I first met Alexandre Singh while working as The Unreliable Tour Guide at the 2006 Whitney Biennial. Friends suggested I stay in the converted factory in East Williamsburg, Brooklyn, where he lives and works. A vast single-story unit on an industrial estate, the place was full of Italian artists, gutted ice cream vans, and autonomous half-timbered living spaces—like an Elizabethan village rebuilt inside Cinecittà. At its calm centre, in front of a crackling log fire, sat Alex himself, a quiet, self-possessed young Englishman of Indian extraction. His art, I later discovered, involved slideshows, lectures, and talks, all delivered in a quiet, aristocratic burr. The mixture of restraint, precision, exuberance and playfulness reminded me of Peter Greenaway's Drowning by Numbers, or the quietly delirious filmed tours of Patrick Keiller, in which curious historical details are read over images of traffic systems and warehouses.

When I returned to New York a couple of years later, Singh was giving lectures about Ikea (one describes a dream that the store's floorplan lays out an index of all human knowledge) and had written a thousand-page book about (and not about) Adi Dassler, the founder of Adidas, entitled The Marque of the Third Stripe. At his White Columns performance during this year's Performa Biennial, Singh memorized and performed four pieces. In the first, The Alkahest, he related to the audience for three-and-a-half hours a series of interwoven tales featuring golems, parrots, and abstract painters, garlanded by picaresque jaunts through the countryside of Spain, faustian alchemists seeking forbidden knowledge, and some bawdy stage humour featuring a character named Molière. The audience sat in a circle around an overhead-projector that acted like a fireside; as Singh told the tales, he would place monochromatic transparencies onto the glass, bathing the room in a series of colours appropriate to that particular passage in the story.

On the three following nights, Singh presented three of his Assembly Instructions lectures. These hour-long performances involve discourses on such topics as memory palaces, dreams, and romantic TV shows, all illustrated by black and white collages thrown onto the wall with a pair of overhead projectors.


MOMUS: Was it a bit like being an academic, giving those lectures, or more of a Pied Piper thing? 

ALEXANDRE SINGH: Each one of the lectures starts off quite academically with the relation of various facts and dates and somewhere along the line somehow dissolves into a web of slippery connections and associations seemingly far removed from the original premise, but always coming back again and again to explore in a surprisingly fantastical manner the very dry facts and figures that I'd casually dropped in at the beginning.

MOMUS: I feel a great sense of common purpose with you, I must say, because we're both telling tales in public places. I particularly appreciate the understated, quiet and calm—yet fantastical and suggestive-tone you achieve. I think a combination of mesmerism (the colored lights, spellbinding storytelling, and so on) and unreliability is a potent one. Do you have an interest, I wonder, in hypnotism? And what is your feeling about the "right" degree of power a performed narrative ought to have over its listeners?

SINGH: Not in hypnotism, per se.
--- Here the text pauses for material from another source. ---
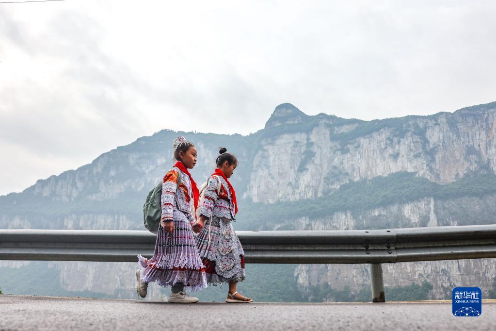 6月1日,杨雅萌(右)与同学杨国语一同走在上学路上。
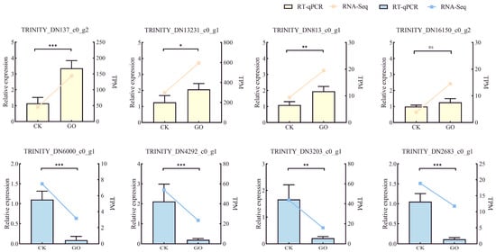 Verification of the relative expression levels of DEGs after GO treatments compared to the control. Error bars in the figure represent the mean ± SD. Notes: * p < 0.05, ** p < 0.01, *** p < 0 .001, ns: p > 0.05.

I'm interested in how one leads an audience down the paths you wish for it to follow. I've studied the anecdotal strategies of the great raconteurs that one comes across in New York. Art critic Jerry Saltz is a good example of such a master storyteller. You and I share a natural ace-in-the-hole, which is the reassuring rhythm of a British accent. It's part and parcel of this notion of "unreliability."

MOMUS: What are the seductive qualities of such an accent, do you think?

SINGH: You need to assure the members of an audience that they are in the hands of a trustworthy and amiable guide, and it is only little by little that you start to distort, exaggerate and undermine the very basis of what they previously took to be solid ground. Perhaps the "softer" the power wielded over the listeners, the more insidious the final result? But following from your earlier question, I'd say that there is no limit to the tools that I would use to enchant the listeners. They may feel that colored gels and dim lights are puny weapons compared to the slick acting and climactic musical montages of standard Hollywood fare, but the lilting voice of the old man, his scarred face illuminated by the flickering flames of the fireside, is a meme already etched deep into their collective unconscious.

MOMUS: Was there a "Eureka" moment for you, when you knew what kind of art it was you wanted to make? 

SINGH: Sadly, not yet. But I will say that I've spotted the mountain range that I'd like to get to. What lies in between here and there is a mystery. I look forward to encounters with metaphorical ravines, rope bridges and eldritch overgrown temples on my way. I think we'd all like to leave a substantial and meaningful work behind when we're gone, a Don Giovanni or a Canterbury Tales. But the reality is that you can't plan to make something like that. It may or may not happen. It may not even be that important. After all, sometimes we're more interested in the journey an artist took than the little presents they happen to deposit by the roadside on the way.